In July 2013, FASB issued ASU 2013-10, Derivatives and Hedging (Topic 815) – Inclusion of the Fed Funds Effective Swap Rate (or Overnight Index Swap Rate) as a Benchmark Interest Rate for Hedge Accounting Purposes. This ASU permits the Fed Funds Effective Swap Rate to be used as a U.S. benchmark interest rate for hedge accounting purposes under Topic 815, in addition to U.S. Treasury interest rates and the London Interbank Offered Rate. The amendment also removes the restriction on using different benchmark rates for similar hedges. The adoption of this guidance, in the third quarter of 2013, did not have a material impact on results of operations, financial condition, or disclosures. For more information, refer to Note 13. Fair Value Disclosures.

 

In July 2013, FASB issued ASU 2013-11, Income Taxes (Topic 740) – Presentation of an Unrecognized Tax Benefit When a Net Operating Loss Carryforward, a Similar Tax Loss, or a Tax Credit Carryforward Exists. This ASU provides clarifying guidance on the presentation of unrecognized tax benefits to better reflect the manner in which an entity would settle at the reporting date any additional income taxes that would result from the disallowance of a tax position when net operating loss carryforwards, similar tax losses, or tax credit carryforwards exist. ASU 2013-11 is effective for interim and annual reporting periods beginning after December 15, 2013. The adoption of this amendment, in the first quarter of 2014, did not have a material impact on results of operations or financial condition.
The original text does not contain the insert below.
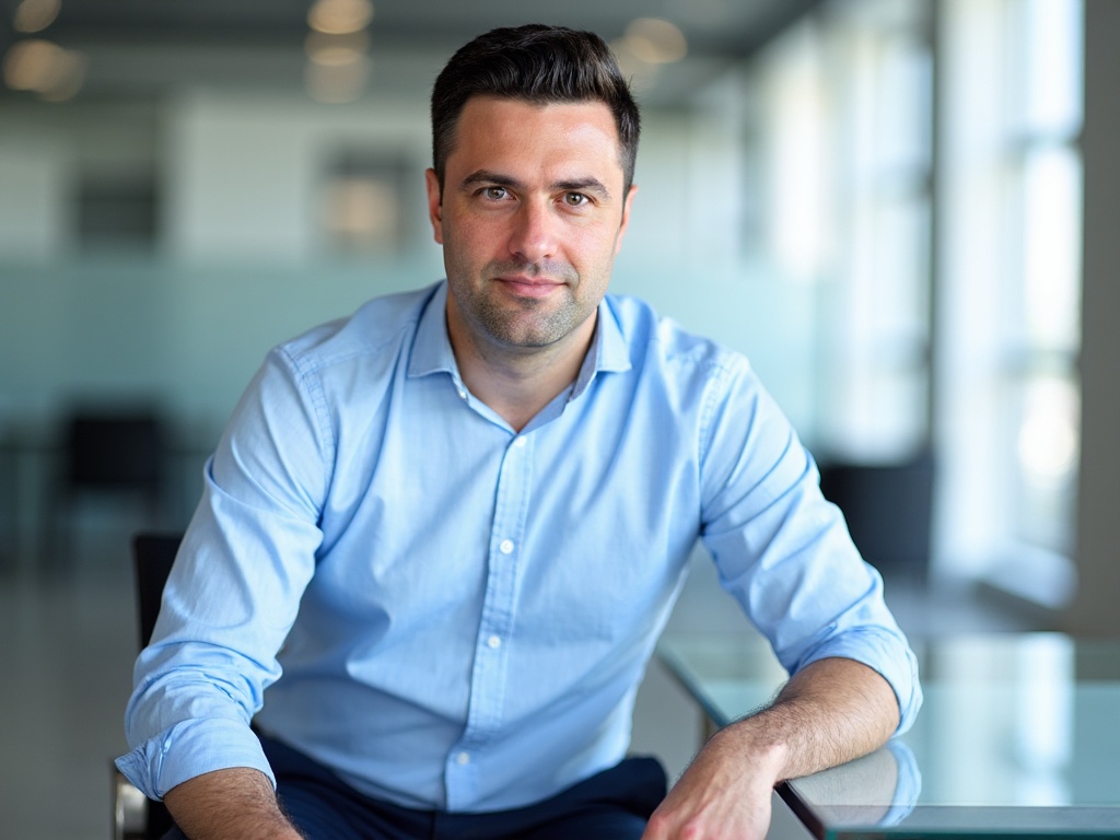 A professional man seated at a glass desk in a contemporary office space, dressed in a light blue dr...

Recently Issued Accounting Guidance

Recently Issued Accounting Guidance

 

In January 2014, FASB issued ASU 2014-01, Investments – Equity Method and Joint Ventures (Topic 323) – Accounting for Investments in Qualified Affordable Housing Projects. This ASU provides guidance on accounting for investments by a reporting entity in flow-through limited liability entities that manage or invest in affordable housing projects that qualify for the low-income housing tax credit. ASU 2014-01 is effective for interim and annual reporting periods beginning after December 15, 2014. The adoption of this amendment is not expected to have a material impact on the financial condition or results of operations.

 

In January 2014, FASB issued ASU 2014-04, Receivables – Troubled Debt Restructurings by Creditors (Subtopic 310-40) – Reclassification of Residential Real Estate Collateralized Consumer Mortgage Loans upon Foreclosure. This ASU clarifies when a creditor should be considered to have received physical possession of residential real estate property collateralizing a consumer mortgage loan such that the loan should be derecognized and the real estate property recognized. ASU 2014-04 is effective for interim and annual reporting periods beginning after December 15, 2014. The adoption of this amendment is not expected to have a material impact on the financial condition or results of operations.

 

In May 2014, FASB issued ASU 2014-09, Revenue from Contracts with Customers (Topic 606). This guidance supersedes the revenue recognition requirements in Accounting Standards Codification Topic 605, Revenue Recognition, and most industry-specific guidance throughout the Accounting Standards Codification. The guidance requires an entity to recognize revenue to depict the transfer of promised goods or services to customers in an amount that reflects the consideration to which the company expects to be entitled in exchange for those goods or services. This guidance is effective for interim and annual reporting periods beginning after December 15, 2016. Susquehanna is currently evaluating this amendment to determine the impact on financial condition and results of operations.